= National Automated Genetic Fingerprint File =

French national DNA database

The National Automated Genetic Fingerprint File (Fichier national automatisé des empreintes génétiques) is the national DNA database owned and operated by the government of France. It is used by both the country's national police force and local gendarmerie.

As of the end of 2024, the database had 4.4 million DNA profiles.

== Origins and evolution ==
In June 1998, the Guigou law on the prevention of sexually related crimes, passed by the Plural Left Lionel Jospin government, created a national DNA database. The implementation, originally planned for 1999, was finally completed in 2001, with the database itself located at Écully in the Rhône, managed by a sub-directorate of the technical and scientific departments of the French police force.
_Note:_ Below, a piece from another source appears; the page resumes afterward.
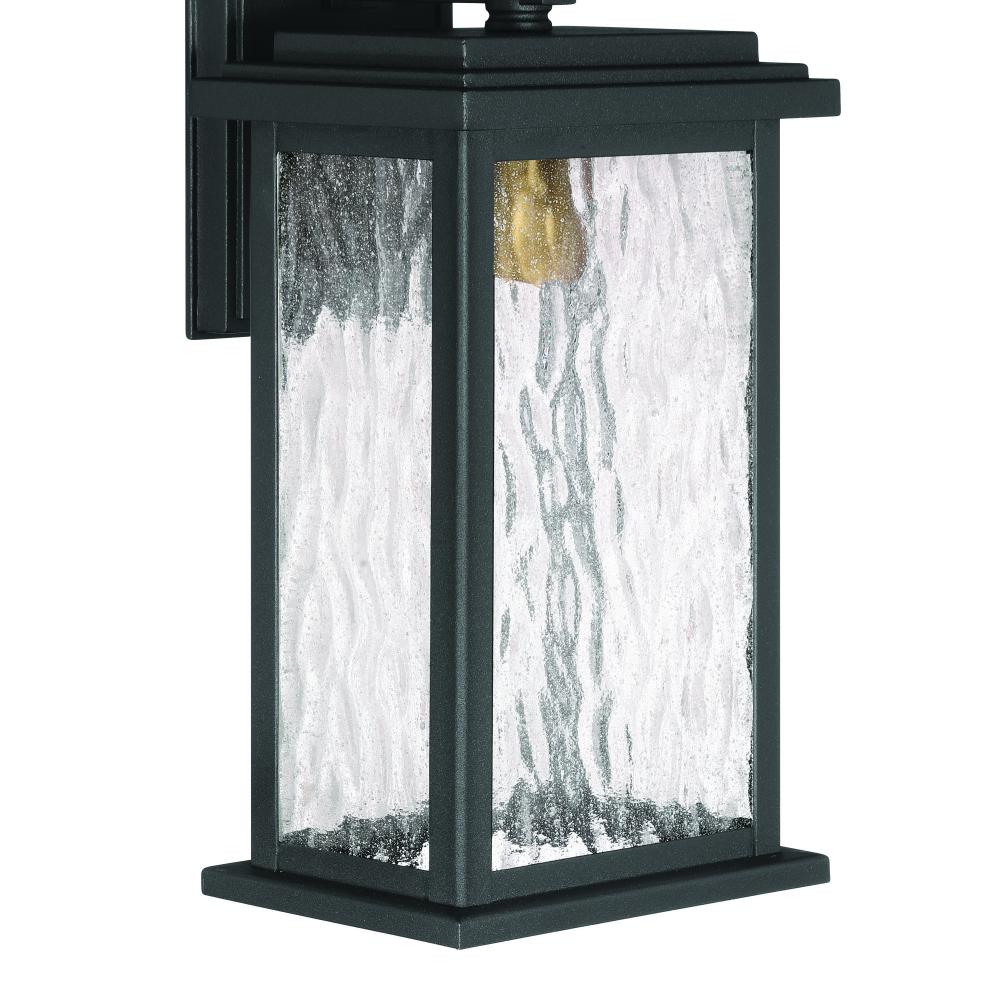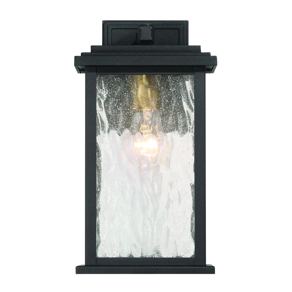 The “Estate” Collection outdoor wall sconce radiates classic allure, with its black metal frame offering a striking contrast to the mesmerizing water glass panels. Encased within, vintage brass candle covers and intricate metalwork glow warmly, evoking a sense of nostalgic charm. Perfect for enhancing any outdoor space, this sconce blends classic sophistication with modern durability.

In the aftermath of the September 11 attacks on the US in 2001, the French government increased the scope of the database to include DNA related to other serious criminal offences, such as voluntary manslaughter, criminal violence and terrorism.

A further 'law for interior safety' introduced on 18 March 2003 expanded the scope still further to cover almost all violent crimes to people or property, serious crimes such as drug trafficking, simple thefts, tags and dégradations, and finally almost all small offenses, but not traffic offenses or crimes committed abroad. Samples are taken from convicted persons and also from simple suspects. The law does not specify a minimum age.
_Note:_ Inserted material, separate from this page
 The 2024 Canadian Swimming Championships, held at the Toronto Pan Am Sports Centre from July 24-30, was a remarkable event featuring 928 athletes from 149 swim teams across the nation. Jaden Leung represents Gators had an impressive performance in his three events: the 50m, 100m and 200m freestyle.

In September 2009, Matthieu Bonduelle, the general secretary of the Syndicat de la Magistrature (the first syndicat of juges) has declared that "nobody defends a universal database, but, in fact, it is being done."

==Database size==
- As at 1 October 2003, the database was understood to contain the DNA records of approximately 8,000 convicted criminals and another 3,200 suspects.
- In 2006, this number was believed to now be in excess of 330,000 entries.
- In May 2007, this number was believed to now be in excess of nearly 500,000 entries.
- In December 2009, there were 1.27 million entries.
- In the end of 2024, the database had 4.4 million DNA profiles.

==Privacy concerns==

With the expansion of the database in 2003, it also became an offence for suspects to fail to provide a DNA sample, with punishment ranging from a prison sentence of between six months and two years, and a fine of between €7500 and €30000.

At the end of 2006, the media raised the case of individuals refusing to provide DNA samples. Many of them were civil disobedience activists opposed to Genetically modified organism (GMO) (See fr:Faucheurs volontaires). Although this was only around 200 cases, they denounced what they regarded as a threat to personal freedom.